A few years ago, in commemoration of the 10th anniversary of the death of influential film critic Pauline Kael, I wrote the following:

I think (Kael) did a lot to expose the truth… that directors, writers and actors who often work awfully close to the surface may still have subterranean levels of achievement or purpose or commentary that they themselves may be least qualified to articulate. It’s what’s behind her disdain for Antonioni’s pontificating at the Cannes film festival; it’s what behind the high percentage of uselessness of proliferating DVD commentaries in which we get to hear every dull anecdote, redundant explication of plot development and any other inanity that strikes the director of the latest Jennifer Aniston rom-com to blurt out breathlessly; and it is what’s behind a director like Eli Roth, who tailors the subtext of something like Hostel Part II almost as an afterthought to be bleated out in defensive bursts on Larry King. Better to let your movie do the talking for you.

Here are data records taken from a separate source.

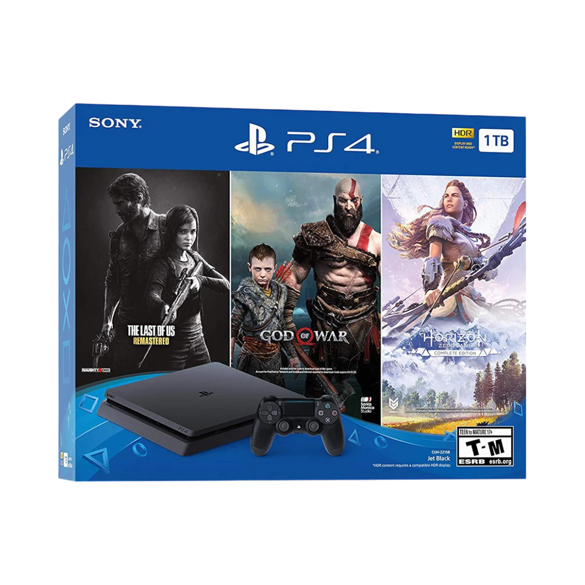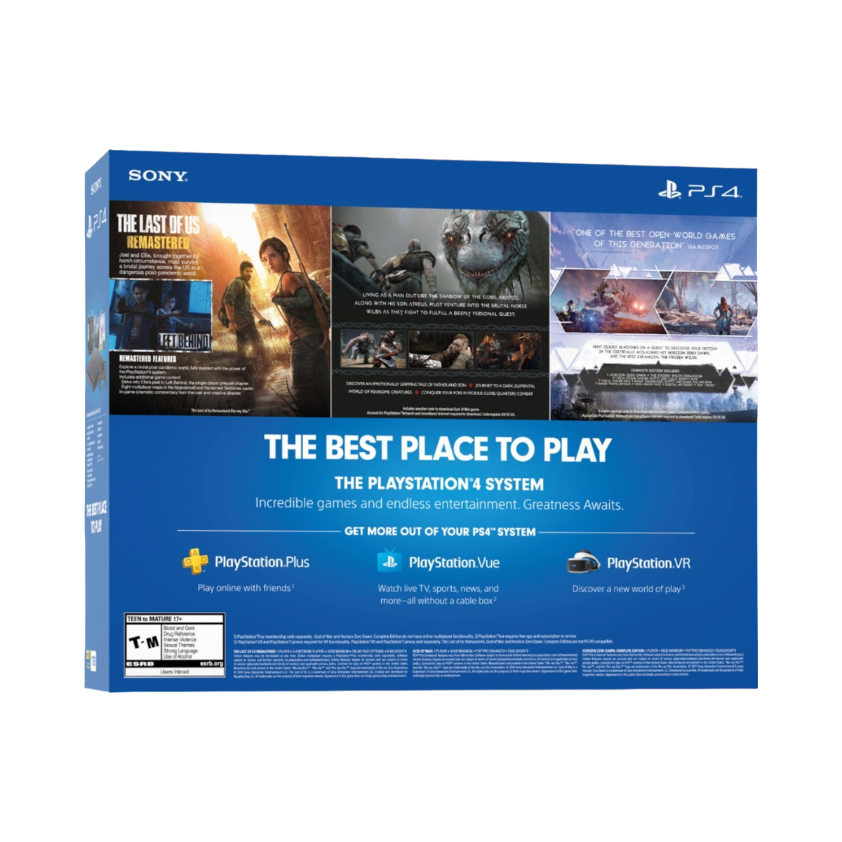 This bundle includes a DualShock 4 wireless controller and three popular PlayStation titles: The Last of Us: Remastered on disc, plus digital download codes for God of War and Horizon Zero Dawn: Complete Edition. High Dynamic Range (HDR) support enhances visuals on compatible TVs, making games and media appear more vivid and lifelike.
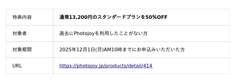 累計撮影数40,000人突破を記念しまして、Photojoyで最も人気のあるスタンダードプランを50%OFFでご利用いただけるキャンペーンを実施いたします。
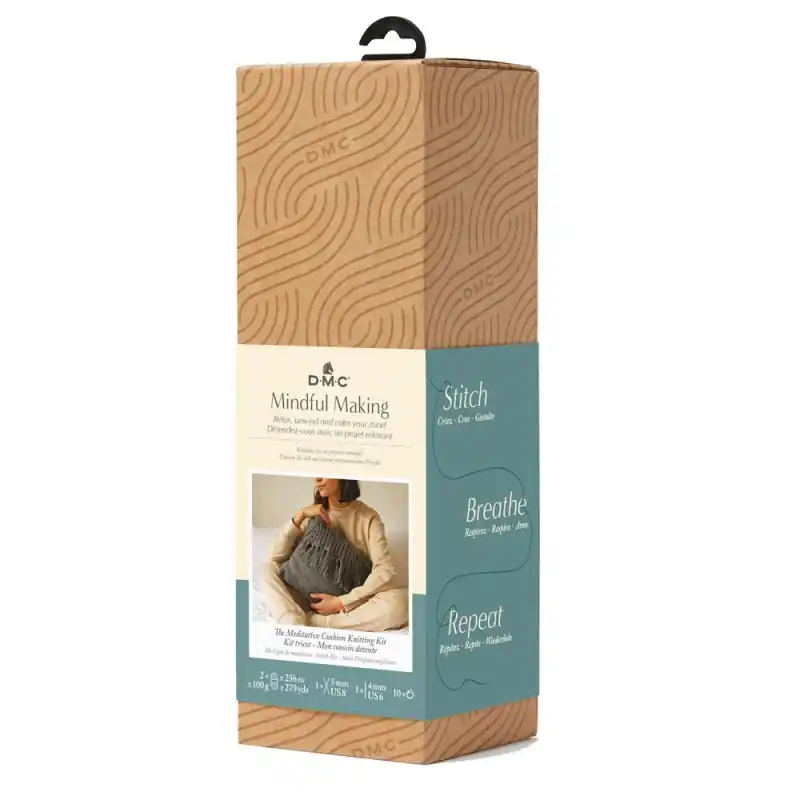 Il Kit di maglia – Il mio cuscino da meditazione della collezione Mindful Making di DMC è un set molto completo che include tutti i materiali e strumenti necessari per lavorare a maglia un cuscino quadrato in colore grigio. Il risultato è un adorabile e originale accessorio decorativo con frange.
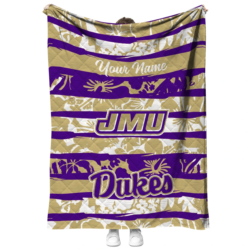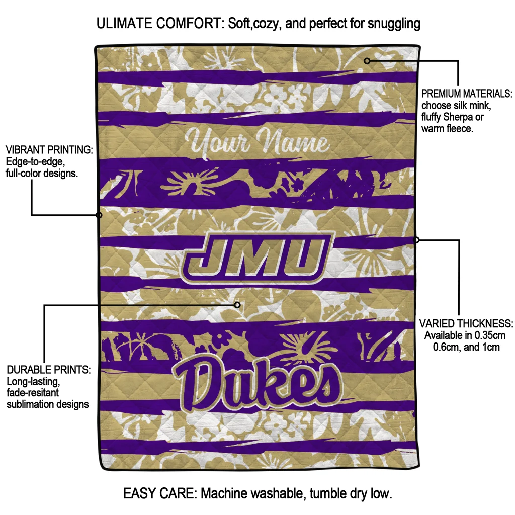 Wrap yourself in warmth and pride with the Customized James Madison Dukes Layered Florals Purple White Quilt Blanket from the James Madison Dukes Blankets collection at Yes That Blanket. Made from 100% premium quilting-weight polyester blended with a touch of microfiber, this quilt offers a smooth, soft finish you’ll love. Choose between two quilting styles—Stipple or Diagonal—and enjoy the comfort of a cotton-filled layer inside that adds extra coziness for every season. The border is available in classic black or white, giving your design a clean, timeless edge.
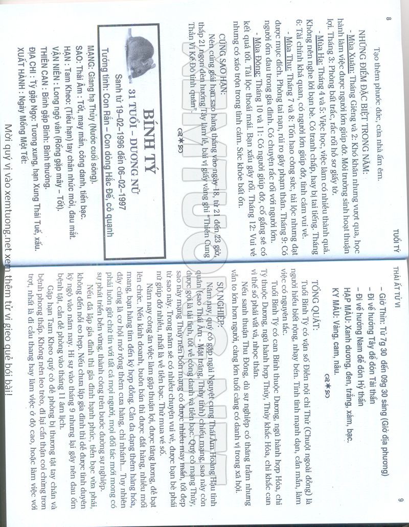 (Lưu ý: Thái Ất Tử Vi được chúng tôi scan từ sách, do đó mỗi tuổi sẽ có nhiều trang, quý vị xem xong hãy nhấn vào trang tiếp theo để xem hết phần tuổi muốn xem. Nếu quý vị xem bằng điện thoại thì hãy kéo qua lại để xem phần bị khuất.)
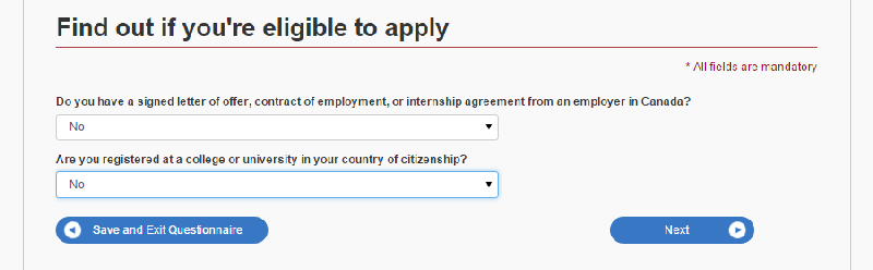 (上)カナダで仕事の内定等があるか、(下)日本で大学生、短大生かどうか |
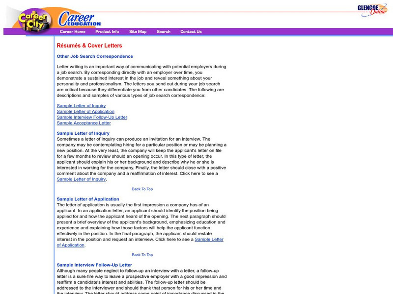 Glencoe: Job Search Correspondence
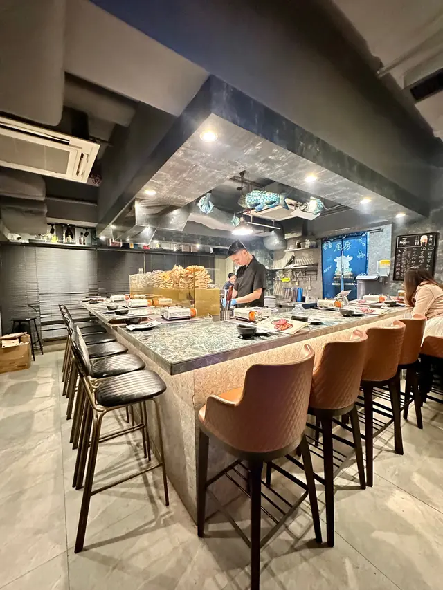 餐廳吧枱設計,坐喺度可以睇到師傅現場烹調烹調,好友日本居酒屋氣氛
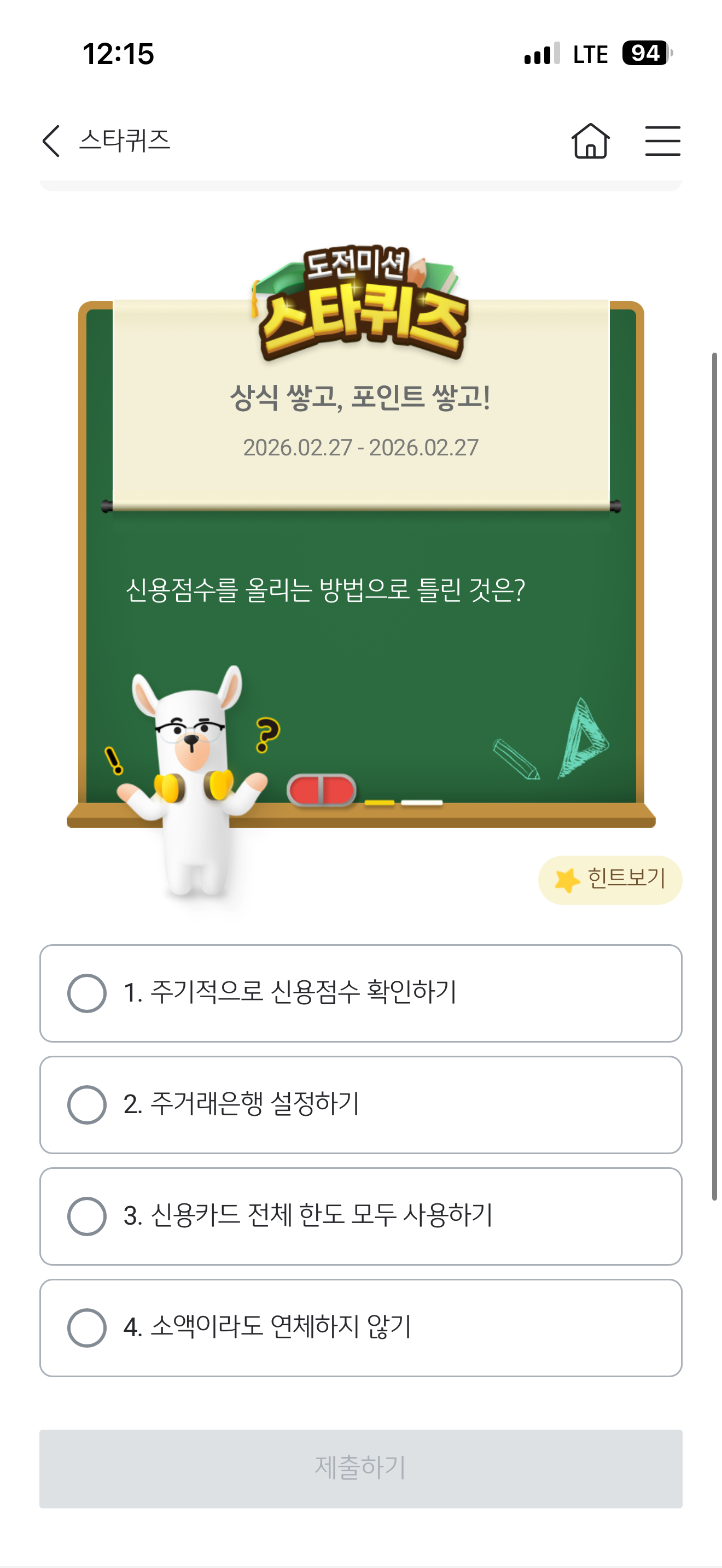 KB스타뱅킹 스타퀴즈 2월 27일 정답(신용점수를 올리는 방법으로 틀린 것은?)

In an age where everybody’s got something to say about the work they’ve done as filmmakers, and usually a forum in which to expound on it, it’s gotten to the point where most of the time nothing is really being said. If you punch up the commentary track for, say, Sucker Punch or the Star Wars prequels, you’re likely only going to get a bunch of inside dope from technical wizards about the sets and special effects and, yes, lots of junket-ready anecdotes about how great he or she was to work with or what a brilliant genius he or she was in facilitating all the sound and fury on screen.

Directors themselves can be frustrating in this regard too—Paul Verhoeven’s commentary track on Starship Troopers was intermittently entertaining, but also disappointingly facile when it came to discussing the political satire embedded in his film. Yet filmmakers as diverse as Robert Altman (Nashville), Mel Brooks (Blazing Saddles) and Don Mancini (Seed of Chucky) have all contributed commentary tracks that are genuinely illuminating about the subject (and subtexts) of their films and the particular creative processes of each one.

And those everybody-grab-a-mike-and-headphones affairs can be maddening tune-outs, but they can also be a lot of fun—the track contributed by Kevin Smith and company for Mallrats was famously far more entertaining than the movie they were ostensibly there to comment upon; The Howling featured an engaging and consistently good-natured reunion between director Joe Dante and actors Dee Wallace, Christopher Stone and Robert Picardo; and when noir czar Eddie Muller put himself and critic Kim Morgan behind the mike for Jean Negulesco’s Road House, the result was a 95-minute smarty party well worth listening to.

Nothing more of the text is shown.